- Records contained in a dataset:
Start of Block
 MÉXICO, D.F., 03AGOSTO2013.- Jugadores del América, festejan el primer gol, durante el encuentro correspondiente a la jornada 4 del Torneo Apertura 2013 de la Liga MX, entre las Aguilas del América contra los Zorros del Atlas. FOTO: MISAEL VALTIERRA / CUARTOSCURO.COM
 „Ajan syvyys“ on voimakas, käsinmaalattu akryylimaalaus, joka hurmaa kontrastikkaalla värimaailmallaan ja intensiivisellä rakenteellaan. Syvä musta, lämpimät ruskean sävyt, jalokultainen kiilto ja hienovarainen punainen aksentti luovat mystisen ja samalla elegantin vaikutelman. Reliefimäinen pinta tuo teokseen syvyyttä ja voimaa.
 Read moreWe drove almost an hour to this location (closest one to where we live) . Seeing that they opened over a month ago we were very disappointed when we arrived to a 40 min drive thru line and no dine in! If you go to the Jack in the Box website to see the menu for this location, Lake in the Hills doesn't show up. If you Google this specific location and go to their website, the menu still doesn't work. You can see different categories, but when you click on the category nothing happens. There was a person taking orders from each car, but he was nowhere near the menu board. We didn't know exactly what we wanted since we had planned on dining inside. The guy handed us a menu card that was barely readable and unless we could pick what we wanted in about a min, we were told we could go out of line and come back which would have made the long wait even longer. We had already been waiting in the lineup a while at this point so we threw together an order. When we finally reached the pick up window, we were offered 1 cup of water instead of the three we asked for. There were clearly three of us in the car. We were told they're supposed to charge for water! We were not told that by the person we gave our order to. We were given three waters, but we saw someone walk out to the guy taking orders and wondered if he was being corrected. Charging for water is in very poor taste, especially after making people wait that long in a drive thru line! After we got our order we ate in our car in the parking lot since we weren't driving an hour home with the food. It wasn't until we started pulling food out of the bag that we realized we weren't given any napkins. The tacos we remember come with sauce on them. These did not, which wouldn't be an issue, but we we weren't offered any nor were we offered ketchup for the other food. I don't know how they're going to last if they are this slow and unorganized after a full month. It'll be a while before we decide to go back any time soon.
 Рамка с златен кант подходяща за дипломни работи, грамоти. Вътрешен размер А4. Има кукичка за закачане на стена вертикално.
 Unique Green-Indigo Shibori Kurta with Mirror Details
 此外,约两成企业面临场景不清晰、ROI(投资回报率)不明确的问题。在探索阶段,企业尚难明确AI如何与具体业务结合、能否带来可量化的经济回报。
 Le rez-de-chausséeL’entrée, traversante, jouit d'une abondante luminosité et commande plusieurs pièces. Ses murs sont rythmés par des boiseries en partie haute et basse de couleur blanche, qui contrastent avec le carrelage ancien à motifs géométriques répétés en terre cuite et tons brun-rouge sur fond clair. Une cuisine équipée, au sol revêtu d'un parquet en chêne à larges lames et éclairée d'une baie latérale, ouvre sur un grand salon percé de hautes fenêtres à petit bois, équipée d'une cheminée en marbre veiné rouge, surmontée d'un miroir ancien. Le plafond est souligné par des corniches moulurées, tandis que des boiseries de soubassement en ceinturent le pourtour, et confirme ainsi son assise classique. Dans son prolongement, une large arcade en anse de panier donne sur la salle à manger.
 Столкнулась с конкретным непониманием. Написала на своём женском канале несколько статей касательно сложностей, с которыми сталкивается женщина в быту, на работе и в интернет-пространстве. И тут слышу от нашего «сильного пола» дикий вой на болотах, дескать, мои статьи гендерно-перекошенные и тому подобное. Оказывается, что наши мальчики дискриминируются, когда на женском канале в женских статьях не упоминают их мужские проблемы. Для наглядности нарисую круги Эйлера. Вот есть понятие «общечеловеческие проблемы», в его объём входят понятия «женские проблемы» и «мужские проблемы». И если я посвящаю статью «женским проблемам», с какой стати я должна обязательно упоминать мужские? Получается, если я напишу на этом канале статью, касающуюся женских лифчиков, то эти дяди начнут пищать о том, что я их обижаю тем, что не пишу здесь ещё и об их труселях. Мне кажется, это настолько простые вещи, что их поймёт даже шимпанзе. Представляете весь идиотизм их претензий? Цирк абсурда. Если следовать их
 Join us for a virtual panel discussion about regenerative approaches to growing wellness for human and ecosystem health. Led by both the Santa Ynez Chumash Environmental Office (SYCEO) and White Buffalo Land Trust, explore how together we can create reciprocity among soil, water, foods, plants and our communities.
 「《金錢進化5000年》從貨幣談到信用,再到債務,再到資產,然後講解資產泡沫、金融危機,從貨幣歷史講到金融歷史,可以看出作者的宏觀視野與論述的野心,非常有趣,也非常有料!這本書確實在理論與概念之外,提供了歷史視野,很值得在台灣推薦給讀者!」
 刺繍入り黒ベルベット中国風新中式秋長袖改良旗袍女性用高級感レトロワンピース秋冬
End of Block
- Task goal: Please transcribe only the lines in the records above running from the line that has "Рамка с златен" through the line that has "此外,约两成企业面临场景不清", both included, exactly as they appear.

- Completed task:
 Рамка с златен кант подходяща за дипломни работи, грамоти. Вътрешен размер А4. Има кукичка за закачане на стена вертикално.
 Unique Green-Indigo Shibori Kurta with Mirror Details
 此外,约两成企业面临场景不清晰、ROI(投资回报率)不明确的问题。在探索阶段,企业尚难明确AI如何与具体业务结合、能否带来可量化的经济回报。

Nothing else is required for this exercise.